Despite clear indications by the Planning and Zoning Commission that it does not favor any more development on Jesup Green other than the planned expansion of the Westport Library, a proposal to build a new Westport Arts Center adjacent to the library is back on the table.
In a presentation to the Library, Arts and Museum Committee of the Representative Town Meeting on Wednesday night, WAC officials proposed a new headquarters on the green that would eliminate riverside parking by moving it to an underground garage beneath its new home.
The structure would be built on a hilltop site across Jesup Road from the Police Department headquarters.

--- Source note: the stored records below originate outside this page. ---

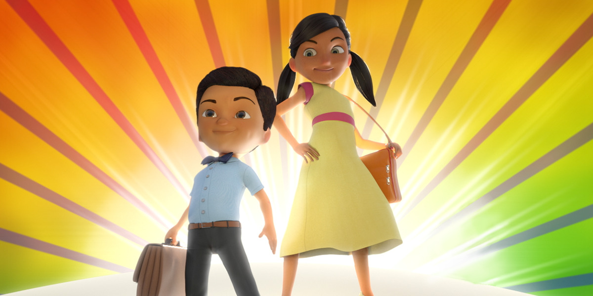 Anime-style drawing of two characters in confident poses, standing on a white platform with colorful radial background.
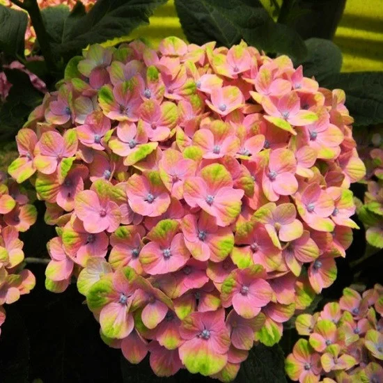 Саженцы гортензии крупнолистной Ксиан (Hydrangea macrophylla Xian) удивят садоводов необычной расцветкой в период цветения. Размеры куста средние – в высоту около 100 сантиметров, в ширину – до 110 сантиметров. Побеги прочные, толстые, листва насыщенно-зеленая. Цветение происходит в июле-августе. Цветки изначально нежно-салатовые со светлой сиреневой серединкой, в процессе цветения начинают розоветь с центра. К окончанию периода цветения окраска цветков – бело-зеленая. Сорт предпочитает солнечные участки, плодородные почвы и регулярный полив. На зимний период необходимо укрытие.
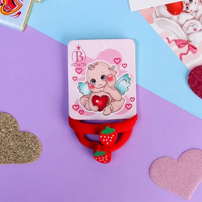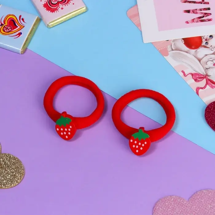 Резинки для волос «Пупсёнок», набор 2 шт., клубничка, 3.5 см, красные
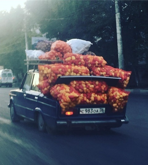 Под тяжестью перцев отечественная машина опустилась, также создается ощущение, что некоторый груз вот-вот готов вывалиться из багажника и рассыпаться по улице. Отметим, баулы с овощами закрывают заднее стекло, что создает опасность для участника дорожного движения.
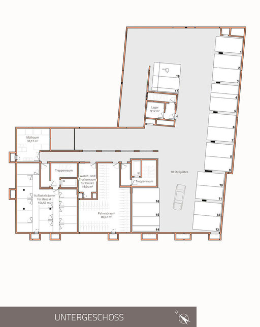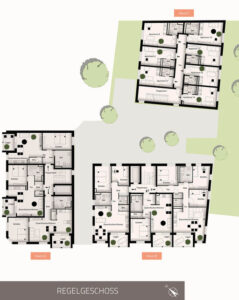 Über eine Passage im Erdgeschoss der Gebäudefuge erfolgt der Zugang zum Hof, von dem die Wohngebäude erschlossen werden. Der begrünte Freiraum wird so zur Begegnungsfläche, die als Plattform für Kommunikation und nachbarschaftliche Interaktion dient. Die notwendigen Stellplätze werden in einer Tiefgarage angeboten, Nebenräume und ein Teil der Fahrradstellplätze sind ebenfalls unterirdisch untergebracht.
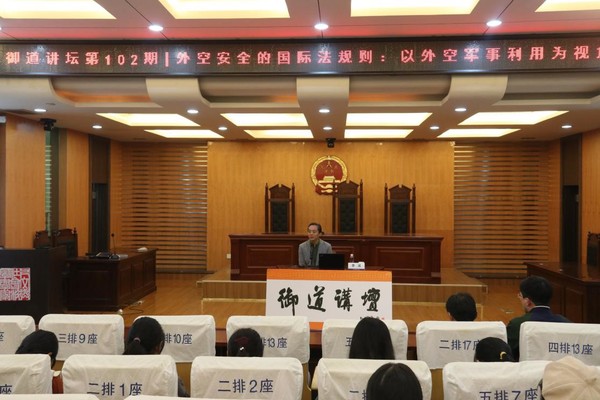 11月6日晚上七点,我校第102期御道讲坛暨第19期人文大讲堂在江宁校区亚洲十大在线博彩平台排名 模拟法庭举办。本次讲坛邀请到北京师范大学法全球十大網上博彩公司 副院长李滨教授。李教授以“外空安全的国际法规则:以外空军事利用为视角”为主题给同学们和老师们带来了一场精彩的讲座。
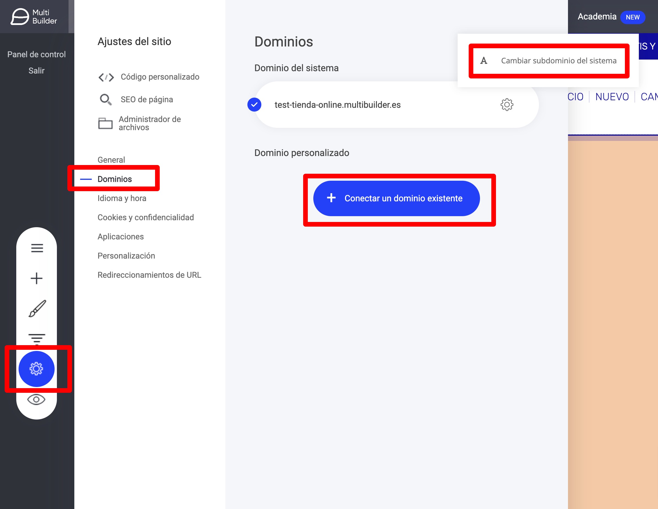 Como URL para tu web puedes elegir un subdominio sin coste alguno. Solo tienes que seleccionar Cambiar subdominio del sistema y elegir un nombre que no esté cogido por otro usuario de Multi Builder. Por ejemplo: tudominio.multibuilder.es. Es útil mientras estás creando tu web, aunque puedes utilizarlo el tiempo que quieras.
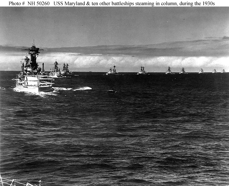 Photo #: NH 50260 U.S. Battleships at sea, circa the later 1930s Of the eleven battleships seen here, making a starboard turn while steaming in column, USS Maryland (BB-46) is at left, closest to the camera. Leading the column are the three New Mexico class (BB 40-42) battleships. U.S. Naval Historical Center Photograph. Online Image: 123KB; 740 x 600 pixels |
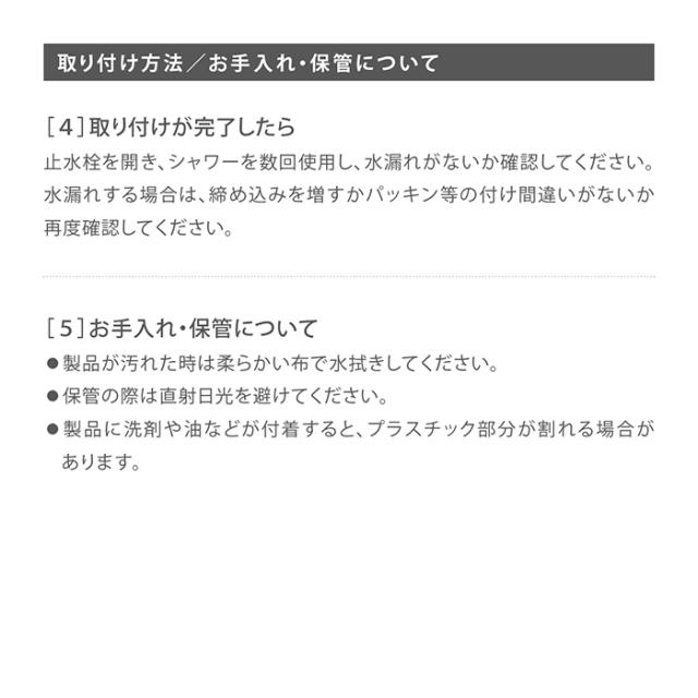 ・製品に洗剤や油などが付着するとプラスチック部分が割れる場合があります。
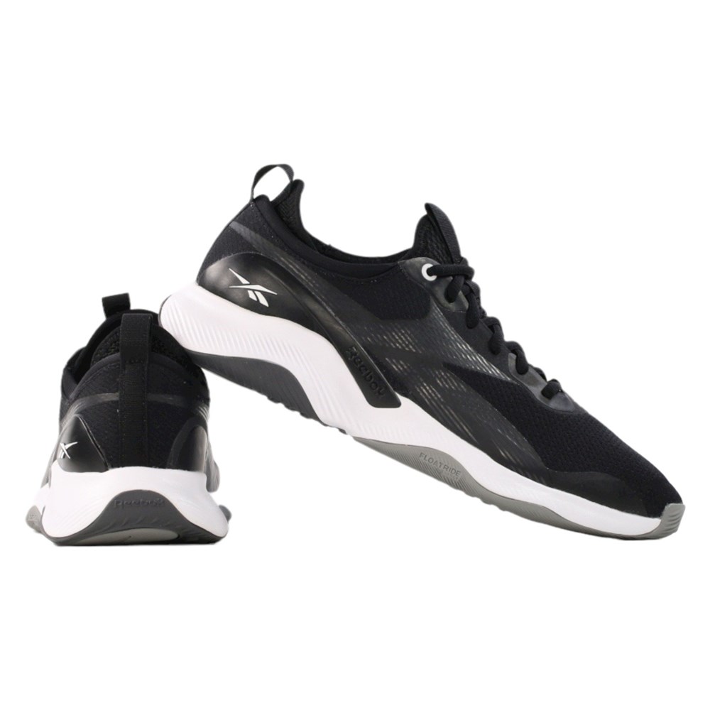 Reebok HIIT TR 2.0 G55545 Chaussures de sport homme noires. Les Reebok HIIT TR 2.0 G55545 sont des chaussures homme élégantes et polyvalentes, conçues pour une utilisation tout au long de l'année. Reebok, réputée pour son souci de la qualité et du détail, a conçu ce modèle pour allier style et fonctionnalité. Ces chaussures s'accordent aussi bien avec des tenues décontractées du quotidien, comme un jean et un t-shirt, qu'avec des tenues plus élégantes. La tige est fabriquée en matière synthétique de haute qualité, assurant une bonne aération, ce qui protège les pieds de la surchauffe et garantit un confort optimal. De plus, des technologies modernes favorisent la stabilisation du pied et minimisent les risques de blessure, faisant de ce modèle un choix pratique et fiable au quotidien.
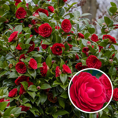 Het bijzondere aan de Camelia (Camellia) is dat deze heester al bloeit, wanneer andere planten nog bladeren moeten krijgen. De vroege bloeier Camellia japonica 'Black Lace' (Camelia japonica 'Black Lace') bloeit van februari tot april met schitterende grote, gevulde, roosachtige bloemen. De rode bloemen ruiken heerlijk en betoveren je tuin in de late winter / het vroege voorjaar. Toch zorgen de roosachtige bloemen niet alleen voor veel sierwaarde; ook lichtglanzende, donkergroene bladeren dragen hun steentje hieraan bij. Het hele jaar door blijft het glanzende blad aan de groenblijvende struik hangen. De Camelia 'Black Lace' houdt niet van droogte, is redelijk winterhard en geeft daarom de voorkeur aan een beschutte plek in de halfschaduw. Deze Camelia snoeien is niet nodig, al is het wel mogelijk. Je kunt de veelzijdige en kleurrijke plant als solitair heester planten, maar ook in een border toepassen of als plant in pot op een terras of balkon plaatsen. Met een totale hoogte van zo’n 2 meter is de rode Camellia 'Black Lace' een prachtige aanwinst voor zowel grote tuinen als kleine tuinen.

"We don't want to be humongous, because we don't want to carry the overhead, so we're looking at something between 7,500 and 10,000 square feet," said Lance Lundberg, the WAC board chairman..
The Planning and Zoning Commission recently gave approval to an "8-24" land-use report that allows the Westport Library with a formal proposal to expand about 35 feet further onto Jesup Green, with an addition for about 12,500 square feet.
When the P&Z "approved the 8-24 for the library, they indicated a strong desire not to have anything else on Jesup Green," First Selectman Jim Marpe told the RTM committee and representatives of both WAC and the library at the Wednesday meeting.
It seemed to surprise some committee members, however, that WAC official have not directly approached the P&Z with formal plans, or made public details of its proposal.
Lundberg said, in his estimation if the project were completed -- and the 91 parking spaces on the green relocated underground -- the amount of green space would be more expansive, allowing for more direct riverfront access.
"It's a phenomenal idea to me," said Rick Weber, RTM District 9.
WAC intends to fund the entire project, estimating the cost of its plans at $7 million at this point. Lundberg said there is already $3.5 million pledged in writing for the project.
"I think this is a major opportunity for the town," he said.
Lundberg, however, prompted a rebuke when in trying to justify WAC's construction plans, he described Jesup Green as an under-used,"dead" space.
"My personal opinion is that Jesup Green is a dead space," he said. "I think there's an impulse to say, `Let's fence this off and preserve it.' "
"I have to be quite blunt," said John Suggs, RTM District 5. "You had me until you got to a certain point tonight when you actually offended me ... when you disparaged Jesup Green as dead space, a cemetery." Read Full Article
"The fact you could look at it that way is very troubling to me," Suggs added. "It's very offensive."
Lundberg apologized, but stood by his opinion that the green now impedes flow between the Levitt Pavilion and library on one side, and the downtown on the other.
"Let's make it better," he said.
WAC representatives, however, did not have any specific plans to share at the meeting, and said they have done only some preliminary soil work to determine the best location for digging a garage underground.
Both WAC and library officials were invited to the meeting to give presentations on their projects. Some confusion sidelined discussion, however, when committee Chairman Arthur Ashman, RTM District 7, began by reading a letter from Matthew Mandell, RTM District 1, proposing the library and WAC share quarters in a new expanded building.
"Instead of a 10,000 stand-alone WAC, integrated, only 5,000 max would be needed," Mandell wrote of his shared-space proposal, with WAC's financial contribution "relieving taxpayer burden" for the library expansion.
While Ashman said he wasn't trying to push the idea, he thought it would serve as a basis for discussion, and could be a possible solution to questions about both projects.
"Some of Matt's assumptions are Matt's assumptions and only that," said Wendy Batteau, RTM District 8. "As I understand it the arts center wants to do something and the library wants to do something ... and we should not start from the point of view that these things should be merged."
Both the library and WAC representatives concurred, making it clear that the feel a shared project would not be a practical plan for either organization.
One committee member asked Marpe whether he would approach the P&Z with a request to consider arts center idea, or perhaps submit an 8-24 application for the project.
"I have worked hard to create a downtown steering committee that is made up of a lot of stakeholders," he said, noting it included members of the P&Z.
"It is out of that product that we have the opportunity to talk about the ideas that were shared tonight ... Frankly I can't be supportive of a different approach."